TASK TO COMPLETE =>
Quote the listing in full, exactly as given, minus any pictures.
━━ DATA BELOW
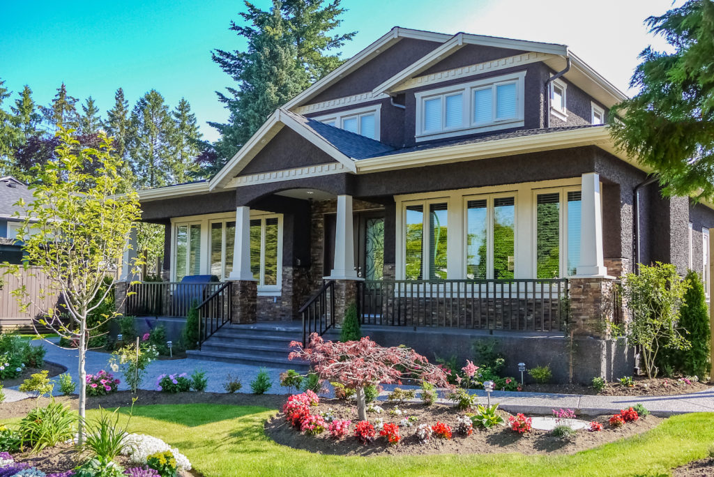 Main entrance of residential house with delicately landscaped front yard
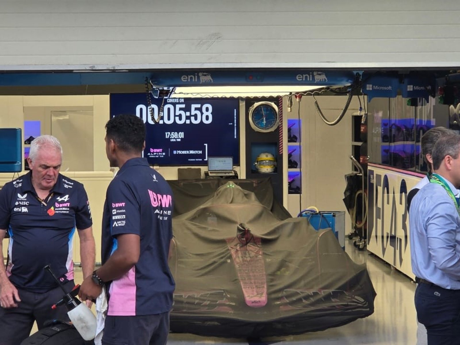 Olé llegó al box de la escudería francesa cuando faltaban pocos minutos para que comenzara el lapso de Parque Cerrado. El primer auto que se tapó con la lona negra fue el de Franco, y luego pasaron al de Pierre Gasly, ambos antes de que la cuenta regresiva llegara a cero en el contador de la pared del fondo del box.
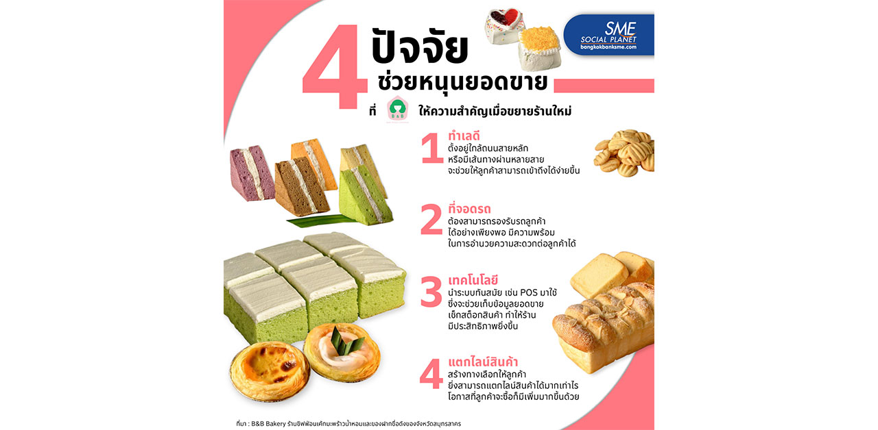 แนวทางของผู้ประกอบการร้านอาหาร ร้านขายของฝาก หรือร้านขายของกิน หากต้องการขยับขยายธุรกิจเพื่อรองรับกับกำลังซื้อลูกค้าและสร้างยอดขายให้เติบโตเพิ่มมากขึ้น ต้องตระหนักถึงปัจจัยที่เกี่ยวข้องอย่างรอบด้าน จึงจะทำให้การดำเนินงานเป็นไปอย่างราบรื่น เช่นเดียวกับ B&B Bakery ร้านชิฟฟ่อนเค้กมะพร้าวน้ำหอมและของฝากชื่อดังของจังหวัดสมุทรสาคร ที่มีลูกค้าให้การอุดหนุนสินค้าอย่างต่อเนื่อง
━━━━
RESULT OF THE EXERCISE =>
 Main entrance of residential house with delicately landscaped front yard
 Olé llegó al box de la escudería francesa cuando faltaban pocos minutos para que comenzara el lapso de Parque Cerrado. El primer auto que se tapó con la lona negra fue el de Franco, y luego pasaron al de Pierre Gasly, ambos antes de que la cuenta regresiva llegara a cero en el contador de la pared del fondo del box.
 แนวทางของผู้ประกอบการร้านอาหาร ร้านขายของฝาก หรือร้านขายของกิน หากต้องการขยับขยายธุรกิจเพื่อรองรับกับกำลังซื้อลูกค้าและสร้างยอดขายให้เติบโตเพิ่มมากขึ้น ต้องตระหนักถึงปัจจัยที่เกี่ยวข้องอย่างรอบด้าน จึงจะทำให้การดำเนินงานเป็นไปอย่างราบรื่น เช่นเดียวกับ B&B Bakery ร้านชิฟฟ่อนเค้กมะพร้าวน้ำหอมและของฝากชื่อดังของจังหวัดสมุทรสาคร ที่มีลูกค้าให้การอุดหนุนสินค้าอย่างต่อเนื่อง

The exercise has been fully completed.